**** SUPPLIED INFORMATION ****
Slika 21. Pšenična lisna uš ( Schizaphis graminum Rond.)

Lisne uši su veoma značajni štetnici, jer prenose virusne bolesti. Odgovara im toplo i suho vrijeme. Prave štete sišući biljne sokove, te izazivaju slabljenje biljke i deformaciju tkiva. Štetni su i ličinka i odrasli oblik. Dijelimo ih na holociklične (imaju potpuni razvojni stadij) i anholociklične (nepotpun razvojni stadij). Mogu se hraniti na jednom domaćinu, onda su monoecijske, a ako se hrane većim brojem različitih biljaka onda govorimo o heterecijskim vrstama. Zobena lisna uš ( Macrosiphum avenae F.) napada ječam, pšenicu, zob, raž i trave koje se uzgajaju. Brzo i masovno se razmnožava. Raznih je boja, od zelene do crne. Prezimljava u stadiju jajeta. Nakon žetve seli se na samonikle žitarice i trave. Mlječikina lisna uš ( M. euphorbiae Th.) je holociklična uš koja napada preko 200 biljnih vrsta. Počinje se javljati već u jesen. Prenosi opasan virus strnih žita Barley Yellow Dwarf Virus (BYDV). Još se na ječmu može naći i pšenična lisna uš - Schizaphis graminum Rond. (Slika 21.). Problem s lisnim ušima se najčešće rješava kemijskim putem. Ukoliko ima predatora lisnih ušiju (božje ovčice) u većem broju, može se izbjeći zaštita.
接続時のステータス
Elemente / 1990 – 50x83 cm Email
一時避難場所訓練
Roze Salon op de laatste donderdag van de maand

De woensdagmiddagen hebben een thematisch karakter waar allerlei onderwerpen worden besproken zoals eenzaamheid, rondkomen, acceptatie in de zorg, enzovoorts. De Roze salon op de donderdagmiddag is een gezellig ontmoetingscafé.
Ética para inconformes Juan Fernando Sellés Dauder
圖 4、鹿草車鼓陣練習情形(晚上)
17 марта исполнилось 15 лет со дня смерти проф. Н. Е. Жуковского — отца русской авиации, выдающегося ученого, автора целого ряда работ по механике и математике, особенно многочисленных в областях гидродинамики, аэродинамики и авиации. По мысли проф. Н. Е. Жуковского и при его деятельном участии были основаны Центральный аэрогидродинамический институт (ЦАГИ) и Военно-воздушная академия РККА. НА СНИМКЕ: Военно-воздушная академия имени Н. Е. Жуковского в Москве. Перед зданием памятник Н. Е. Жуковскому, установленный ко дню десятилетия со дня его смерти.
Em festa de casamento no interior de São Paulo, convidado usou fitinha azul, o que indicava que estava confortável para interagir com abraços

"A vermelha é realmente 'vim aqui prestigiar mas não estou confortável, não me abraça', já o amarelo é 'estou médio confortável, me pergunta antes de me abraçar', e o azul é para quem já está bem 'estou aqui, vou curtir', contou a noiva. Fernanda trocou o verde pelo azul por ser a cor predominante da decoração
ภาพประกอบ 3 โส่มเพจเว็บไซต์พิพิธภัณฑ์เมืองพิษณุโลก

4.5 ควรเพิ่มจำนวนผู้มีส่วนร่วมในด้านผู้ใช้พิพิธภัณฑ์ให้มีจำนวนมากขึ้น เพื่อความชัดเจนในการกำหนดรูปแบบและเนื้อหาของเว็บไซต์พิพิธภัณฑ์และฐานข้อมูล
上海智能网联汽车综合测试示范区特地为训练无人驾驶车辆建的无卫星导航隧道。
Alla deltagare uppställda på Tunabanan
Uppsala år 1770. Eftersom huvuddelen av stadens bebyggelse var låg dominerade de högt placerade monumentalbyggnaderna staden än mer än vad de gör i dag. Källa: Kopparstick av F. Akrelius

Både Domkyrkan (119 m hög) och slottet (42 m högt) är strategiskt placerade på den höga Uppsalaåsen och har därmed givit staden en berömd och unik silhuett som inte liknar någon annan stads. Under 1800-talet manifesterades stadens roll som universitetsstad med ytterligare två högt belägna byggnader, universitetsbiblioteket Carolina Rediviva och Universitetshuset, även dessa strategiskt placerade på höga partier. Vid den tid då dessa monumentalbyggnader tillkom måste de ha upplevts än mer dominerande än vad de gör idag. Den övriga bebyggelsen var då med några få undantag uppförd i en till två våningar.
****
Reproduce the data exactly. All of it is needed.

Slika 21. Pšenična lisna uš ( Schizaphis graminum Rond.)

Lisne uši su veoma značajni štetnici, jer prenose virusne bolesti. Odgovara im toplo i suho vrijeme. Prave štete sišući biljne sokove, te izazivaju slabljenje biljke i deformaciju tkiva. Štetni su i ličinka i odrasli oblik. Dijelimo ih na holociklične (imaju potpuni razvojni stadij) i anholociklične (nepotpun razvojni stadij). Mogu se hraniti na jednom domaćinu, onda su monoecijske, a ako se hrane većim brojem različitih biljaka onda govorimo o heterecijskim vrstama. Zobena lisna uš ( Macrosiphum avenae F.) napada ječam, pšenicu, zob, raž i trave koje se uzgajaju. Brzo i masovno se razmnožava. Raznih je boja, od zelene do crne. Prezimljava u stadiju jajeta. Nakon žetve seli se na samonikle žitarice i trave. Mlječikina lisna uš ( M. euphorbiae Th.) je holociklična uš koja napada preko 200 biljnih vrsta. Počinje se javljati već u jesen. Prenosi opasan virus strnih žita Barley Yellow Dwarf Virus (BYDV). Još se na ječmu može naći i pšenična lisna uš - Schizaphis graminum Rond. (Slika 21.). Problem s lisnim ušima se najčešće rješava kemijskim putem. Ukoliko ima predatora lisnih ušiju (božje ovčice) u većem broju, može se izbjeći zaštita.
接続時のステータス
Elemente / 1990 – 50x83 cm Email
一時避難場所訓練
Roze Salon op de laatste donderdag van de maand

De woensdagmiddagen hebben een thematisch karakter waar allerlei onderwerpen worden besproken zoals eenzaamheid, rondkomen, acceptatie in de zorg, enzovoorts. De Roze salon op de donderdagmiddag is een gezellig ontmoetingscafé.
Ética para inconformes Juan Fernando Sellés Dauder
圖 4、鹿草車鼓陣練習情形(晚上)
17 марта исполнилось 15 лет со дня смерти проф. Н. Е. Жуковского — отца русской авиации, выдающегося ученого, автора целого ряда работ по механике и математике, особенно многочисленных в областях гидродинамики, аэродинамики и авиации. По мысли проф. Н. Е. Жуковского и при его деятельном участии были основаны Центральный аэрогидродинамический институт (ЦАГИ) и Военно-воздушная академия РККА. НА СНИМКЕ: Военно-воздушная академия имени Н. Е. Жуковского в Москве. Перед зданием памятник Н. Е. Жуковскому, установленный ко дню десятилетия со дня его смерти.
Em festa de casamento no interior de São Paulo, convidado usou fitinha azul, o que indicava que estava confortável para interagir com abraços

"A vermelha é realmente 'vim aqui prestigiar mas não estou confortável, não me abraça', já o amarelo é 'estou médio confortável, me pergunta antes de me abraçar', e o azul é para quem já está bem 'estou aqui, vou curtir', contou a noiva. Fernanda trocou o verde pelo azul por ser a cor predominante da decoração
ภาพประกอบ 3 โส่มเพจเว็บไซต์พิพิธภัณฑ์เมืองพิษณุโลก

4.5 ควรเพิ่มจำนวนผู้มีส่วนร่วมในด้านผู้ใช้พิพิธภัณฑ์ให้มีจำนวนมากขึ้น เพื่อความชัดเจนในการกำหนดรูปแบบและเนื้อหาของเว็บไซต์พิพิธภัณฑ์และฐานข้อมูล
上海智能网联汽车综合测试示范区特地为训练无人驾驶车辆建的无卫星导航隧道。
Alla deltagare uppställda på Tunabanan
Uppsala år 1770. Eftersom huvuddelen av stadens bebyggelse var låg dominerade de högt placerade monumentalbyggnaderna staden än mer än vad de gör i dag. Källa: Kopparstick av F. Akrelius

Både Domkyrkan (119 m hög) och slottet (42 m högt) är strategiskt placerade på den höga Uppsalaåsen och har därmed givit staden en berömd och unik silhuett som inte liknar någon annan stads. Under 1800-talet manifesterades stadens roll som universitetsstad med ytterligare två högt belägna byggnader, universitetsbiblioteket Carolina Rediviva och Universitetshuset, även dessa strategiskt placerade på höga partier. Vid den tid då dessa monumentalbyggnader tillkom måste de ha upplevts än mer dominerande än vad de gör idag. Den övriga bebyggelsen var då med några få undantag uppförd i en till två våningar.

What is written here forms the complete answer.